WHAT TO PRODUCE:
Go to the line with "The crescent moon, ever" in the entries below and write out every line from there through the line with "Gap Shirt Women", exactly and without pictures.

Segment Start: RECORDS SHOWN

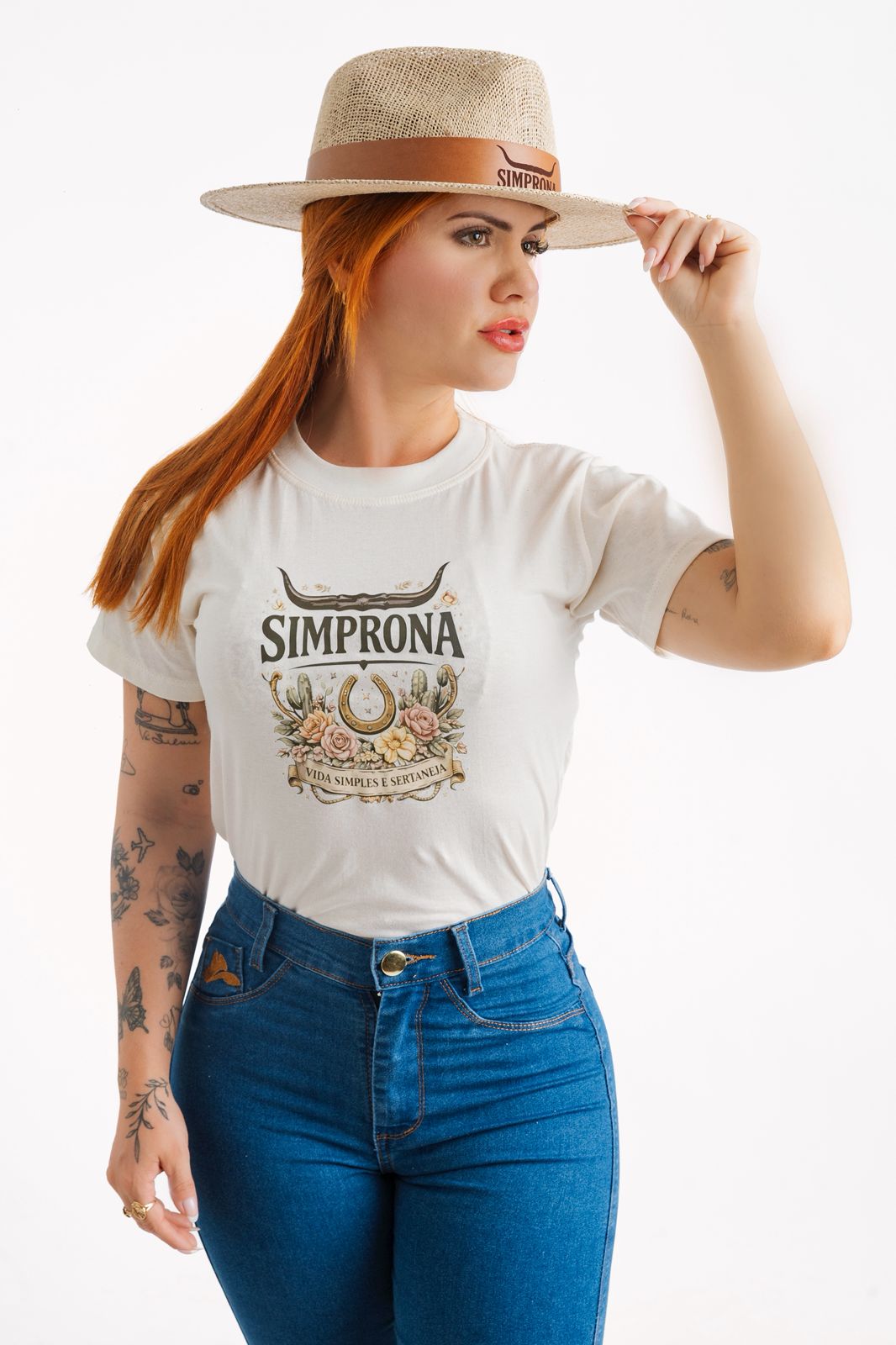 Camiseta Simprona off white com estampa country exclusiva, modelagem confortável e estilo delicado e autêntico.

Segment End: RECORDS SHOWN
Segment Start: RECORDS SHOWN

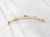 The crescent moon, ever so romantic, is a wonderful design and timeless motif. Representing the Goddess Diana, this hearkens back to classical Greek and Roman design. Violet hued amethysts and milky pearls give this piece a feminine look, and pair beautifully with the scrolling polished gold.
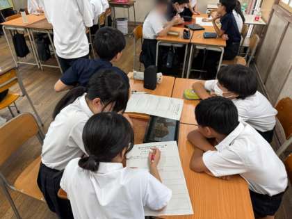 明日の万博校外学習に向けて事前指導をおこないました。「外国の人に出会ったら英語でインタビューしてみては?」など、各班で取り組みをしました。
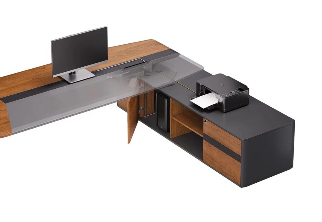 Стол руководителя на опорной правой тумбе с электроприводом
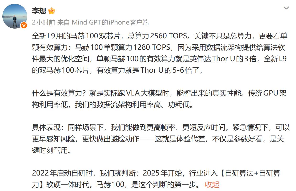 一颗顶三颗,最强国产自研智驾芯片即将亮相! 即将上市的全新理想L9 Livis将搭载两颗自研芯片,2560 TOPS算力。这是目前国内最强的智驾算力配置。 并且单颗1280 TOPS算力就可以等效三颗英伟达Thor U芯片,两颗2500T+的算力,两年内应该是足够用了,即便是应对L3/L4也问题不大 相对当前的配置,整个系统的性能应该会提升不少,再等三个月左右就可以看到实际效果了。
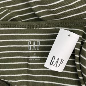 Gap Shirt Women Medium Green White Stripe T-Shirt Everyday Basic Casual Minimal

Segment End: RECORDS SHOWN

RESULT:
 The crescent moon, ever so romantic, is a wonderful design and timeless motif. Representing the Goddess Diana, this hearkens back to classical Greek and Roman design. Violet hued amethysts and milky pearls give this piece a feminine look, and pair beautifully with the scrolling polished gold.
 明日の万博校外学習に向けて事前指導をおこないました。「外国の人に出会ったら英語でインタビューしてみては?」など、各班で取り組みをしました。
 Стол руководителя на опорной правой тумбе с электроприводом
 一颗顶三颗,最强国产自研智驾芯片即将亮相! 即将上市的全新理想L9 Livis将搭载两颗自研芯片,2560 TOPS算力。这是目前国内最强的智驾算力配置。 并且单颗1280 TOPS算力就可以等效三颗英伟达Thor U芯片,两颗2500T+的算力,两年内应该是足够用了,即便是应对L3/L4也问题不大 相对当前的配置,整个系统的性能应该会提升不少,再等三个月左右就可以看到实际效果了。
 Gap Shirt Women Medium Green White Stripe T-Shirt Everyday Basic Casual Minimal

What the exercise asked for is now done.